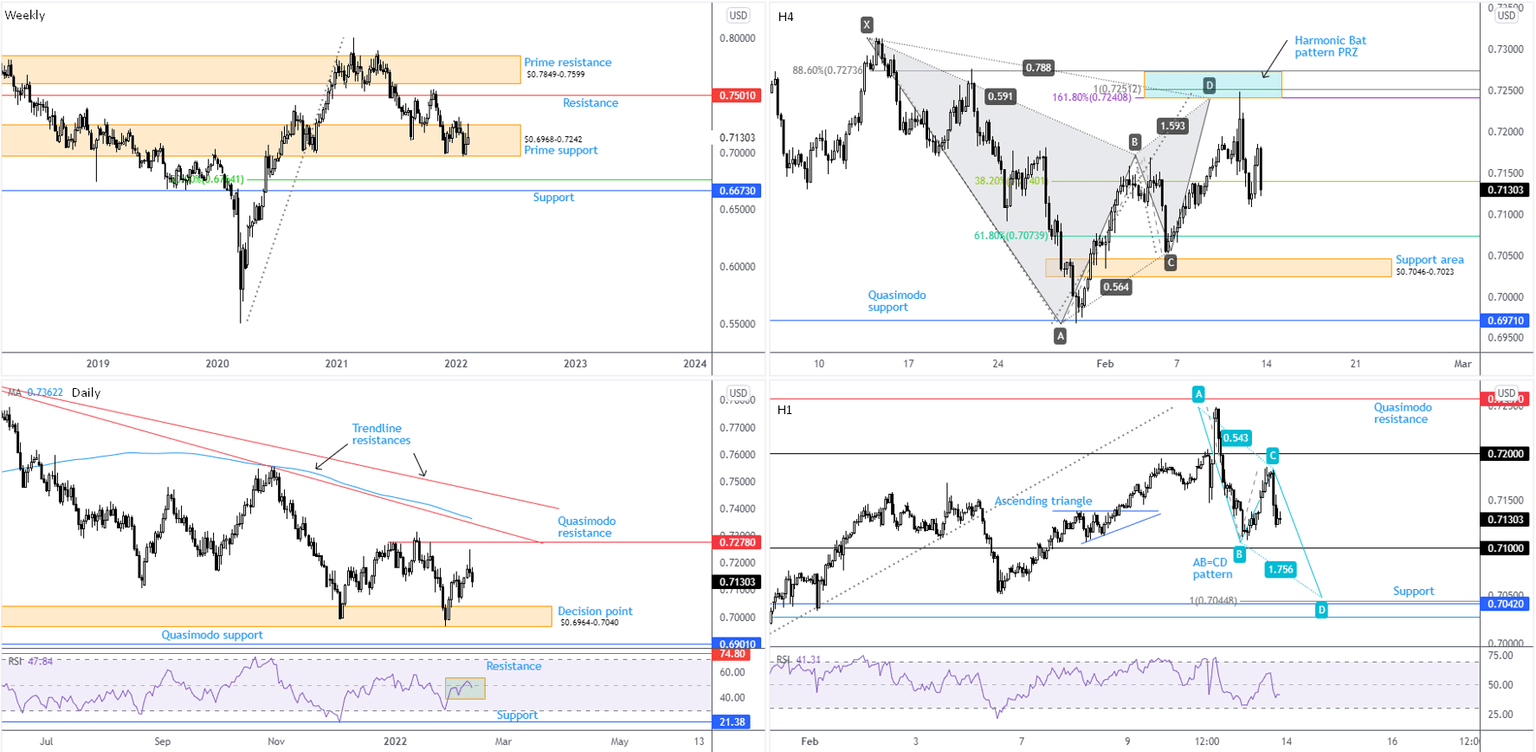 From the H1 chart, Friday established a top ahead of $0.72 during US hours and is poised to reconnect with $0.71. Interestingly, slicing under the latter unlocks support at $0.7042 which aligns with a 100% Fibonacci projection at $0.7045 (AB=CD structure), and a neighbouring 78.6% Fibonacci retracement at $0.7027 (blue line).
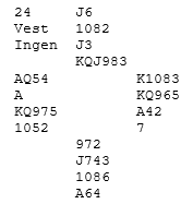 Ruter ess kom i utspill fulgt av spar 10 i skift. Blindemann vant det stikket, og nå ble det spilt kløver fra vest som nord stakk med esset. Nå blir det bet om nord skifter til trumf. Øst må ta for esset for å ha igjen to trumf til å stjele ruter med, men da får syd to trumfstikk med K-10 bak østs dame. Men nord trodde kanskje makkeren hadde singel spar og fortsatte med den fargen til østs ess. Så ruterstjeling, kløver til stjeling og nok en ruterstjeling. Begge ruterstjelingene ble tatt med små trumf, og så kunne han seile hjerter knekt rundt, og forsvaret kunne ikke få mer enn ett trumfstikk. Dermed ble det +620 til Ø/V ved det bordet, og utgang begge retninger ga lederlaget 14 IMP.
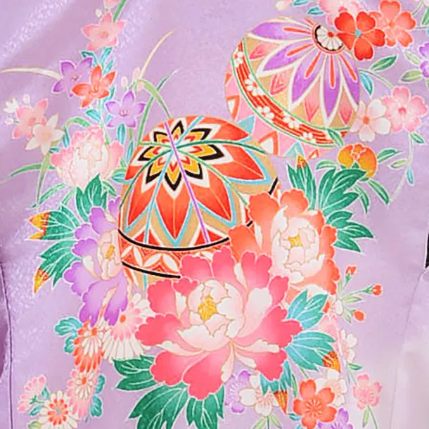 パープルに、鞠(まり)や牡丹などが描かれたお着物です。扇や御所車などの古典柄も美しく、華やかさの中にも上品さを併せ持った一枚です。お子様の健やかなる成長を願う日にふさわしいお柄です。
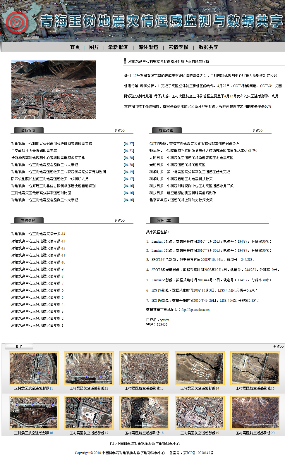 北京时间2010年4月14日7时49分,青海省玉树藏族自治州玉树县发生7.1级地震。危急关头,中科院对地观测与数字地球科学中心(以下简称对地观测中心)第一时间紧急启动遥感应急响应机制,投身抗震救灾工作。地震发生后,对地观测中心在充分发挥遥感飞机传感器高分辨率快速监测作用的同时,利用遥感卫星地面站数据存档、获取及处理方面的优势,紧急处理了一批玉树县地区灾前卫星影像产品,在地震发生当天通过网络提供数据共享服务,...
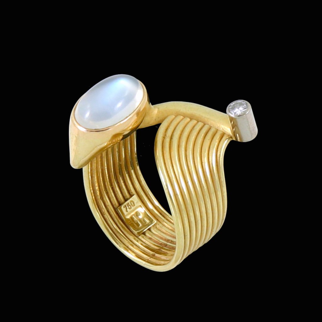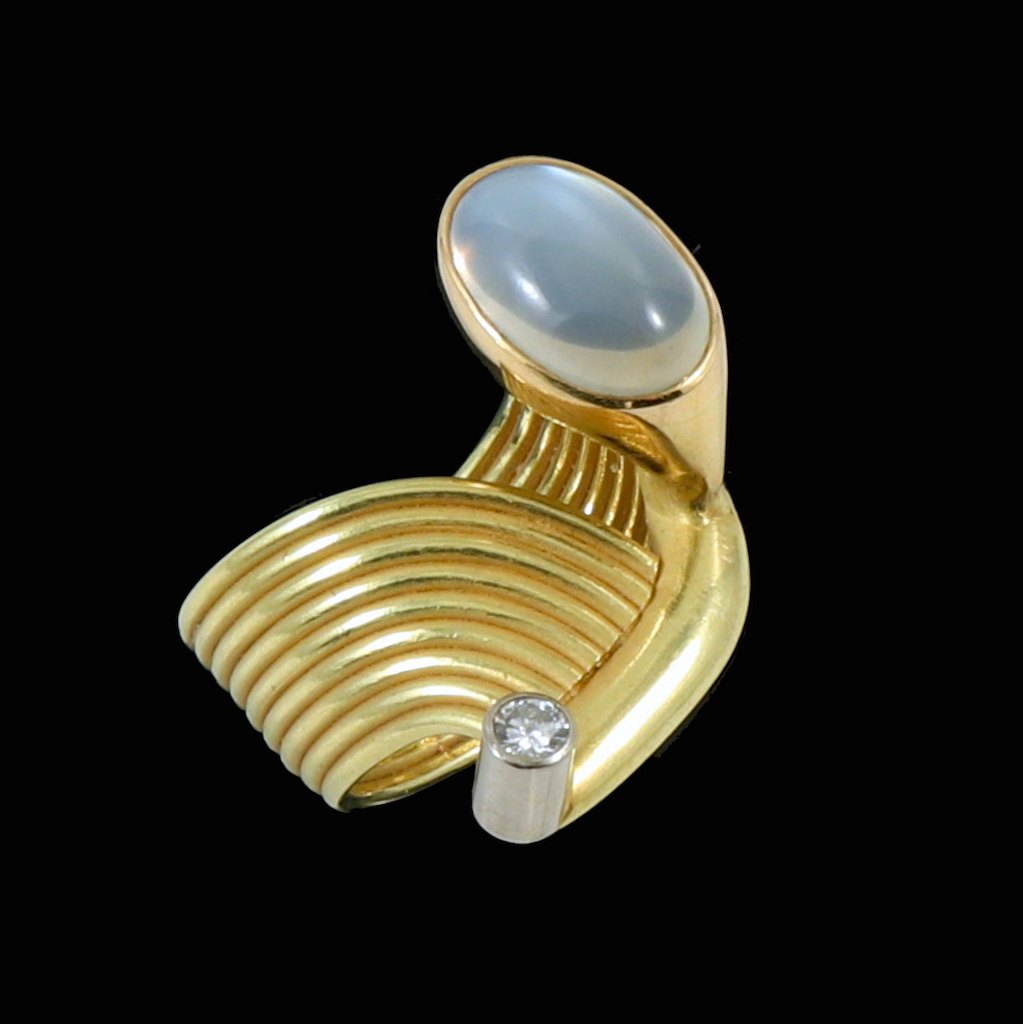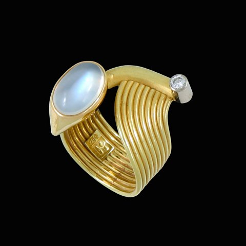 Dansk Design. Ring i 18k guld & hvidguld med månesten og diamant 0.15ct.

____________

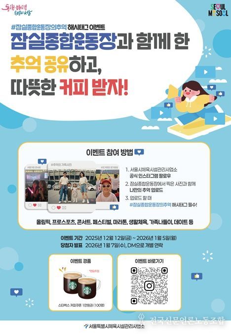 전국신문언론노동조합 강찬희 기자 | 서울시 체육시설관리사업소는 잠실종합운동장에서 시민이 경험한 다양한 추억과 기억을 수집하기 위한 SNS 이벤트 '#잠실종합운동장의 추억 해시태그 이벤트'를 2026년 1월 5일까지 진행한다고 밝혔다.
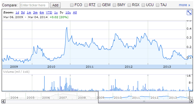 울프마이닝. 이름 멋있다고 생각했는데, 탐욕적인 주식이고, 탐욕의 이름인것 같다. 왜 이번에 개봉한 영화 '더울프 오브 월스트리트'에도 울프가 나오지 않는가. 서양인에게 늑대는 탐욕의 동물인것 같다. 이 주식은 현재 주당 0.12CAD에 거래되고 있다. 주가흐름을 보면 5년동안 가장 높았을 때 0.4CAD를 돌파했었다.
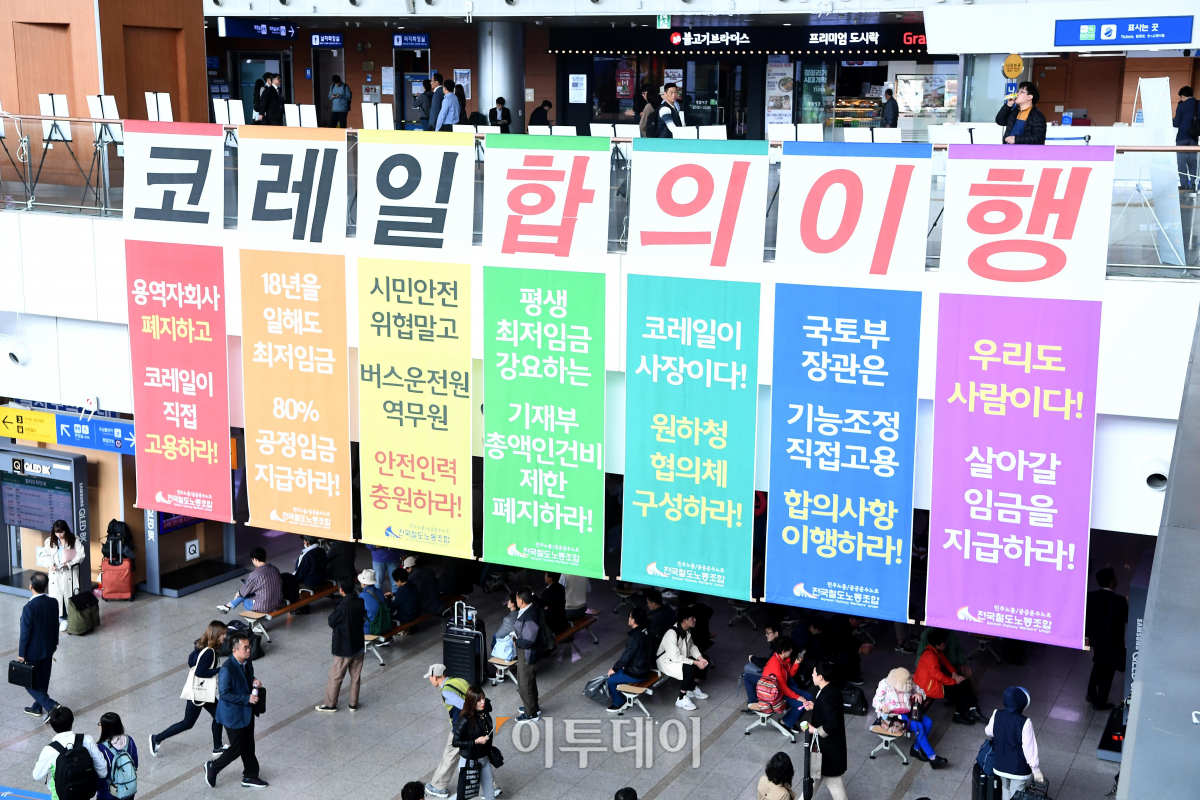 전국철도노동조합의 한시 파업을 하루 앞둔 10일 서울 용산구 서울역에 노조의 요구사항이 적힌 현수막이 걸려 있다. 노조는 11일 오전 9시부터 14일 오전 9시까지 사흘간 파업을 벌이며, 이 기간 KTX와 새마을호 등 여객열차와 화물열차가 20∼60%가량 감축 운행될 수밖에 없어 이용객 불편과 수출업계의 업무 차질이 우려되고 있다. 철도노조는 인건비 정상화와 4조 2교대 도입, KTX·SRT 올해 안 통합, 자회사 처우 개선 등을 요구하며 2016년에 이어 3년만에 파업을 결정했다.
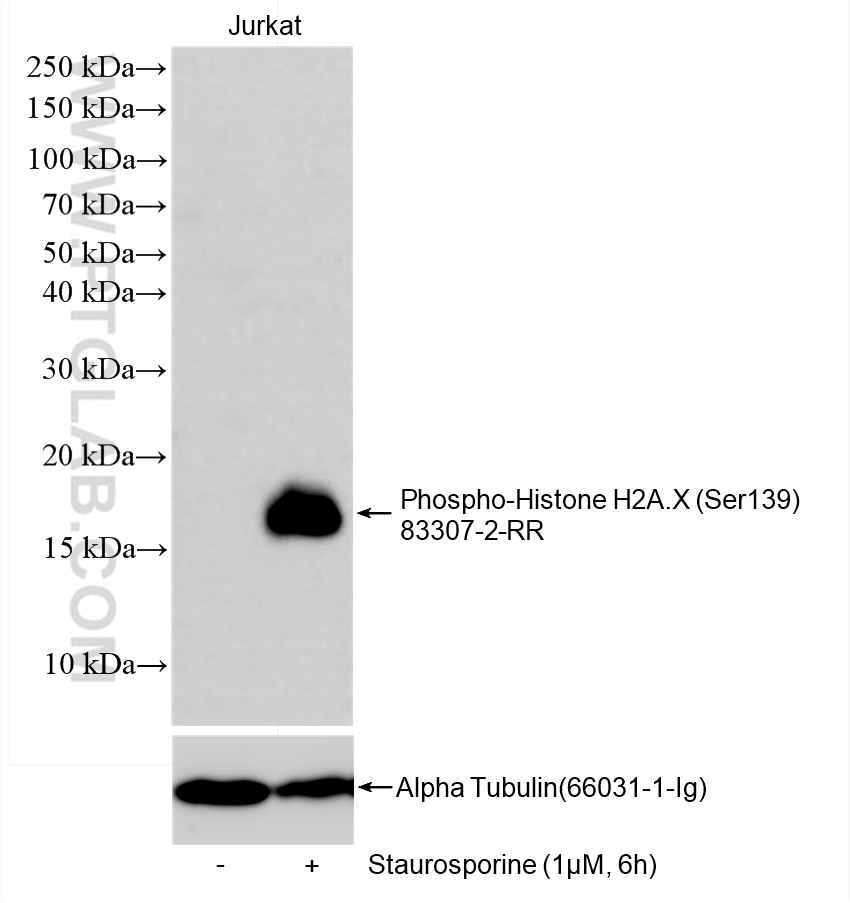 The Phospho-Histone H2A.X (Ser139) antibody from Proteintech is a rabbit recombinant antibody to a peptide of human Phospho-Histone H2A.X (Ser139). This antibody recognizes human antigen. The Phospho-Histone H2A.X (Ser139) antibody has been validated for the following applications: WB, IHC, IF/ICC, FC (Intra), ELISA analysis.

____________

Set the pictures aside and transcribe exactly the stretch of lines above, beginning with the one holding "Ruter ess kom" and ending with the one holding "Dansk Design. Ring".

 Ruter ess kom i utspill fulgt av spar 10 i skift. Blindemann vant det stikket, og nå ble det spilt kløver fra vest som nord stakk med esset. Nå blir det bet om nord skifter til trumf. Øst må ta for esset for å ha igjen to trumf til å stjele ruter med, men da får syd to trumfstikk med K-10 bak østs dame. Men nord trodde kanskje makkeren hadde singel spar og fortsatte med den fargen til østs ess. Så ruterstjeling, kløver til stjeling og nok en ruterstjeling. Begge ruterstjelingene ble tatt med små trumf, og så kunne han seile hjerter knekt rundt, og forsvaret kunne ikke få mer enn ett trumfstikk. Dermed ble det +620 til Ø/V ved det bordet, og utgang begge retninger ga lederlaget 14 IMP.
 パープルに、鞠(まり)や牡丹などが描かれたお着物です。扇や御所車などの古典柄も美しく、華やかさの中にも上品さを併せ持った一枚です。お子様の健やかなる成長を願う日にふさわしいお柄です。
 北京时间2010年4月14日7时49分,青海省玉树藏族自治州玉树县发生7.1级地震。危急关头,中科院对地观测与数字地球科学中心(以下简称对地观测中心)第一时间紧急启动遥感应急响应机制,投身抗震救灾工作。地震发生后,对地观测中心在充分发挥遥感飞机传感器高分辨率快速监测作用的同时,利用遥感卫星地面站数据存档、获取及处理方面的优势,紧急处理了一批玉树县地区灾前卫星影像产品,在地震发生当天通过网络提供数据共享服务,...
 Dansk Design. Ring i 18k guld & hvidguld med månesten og diamant 0.15ct.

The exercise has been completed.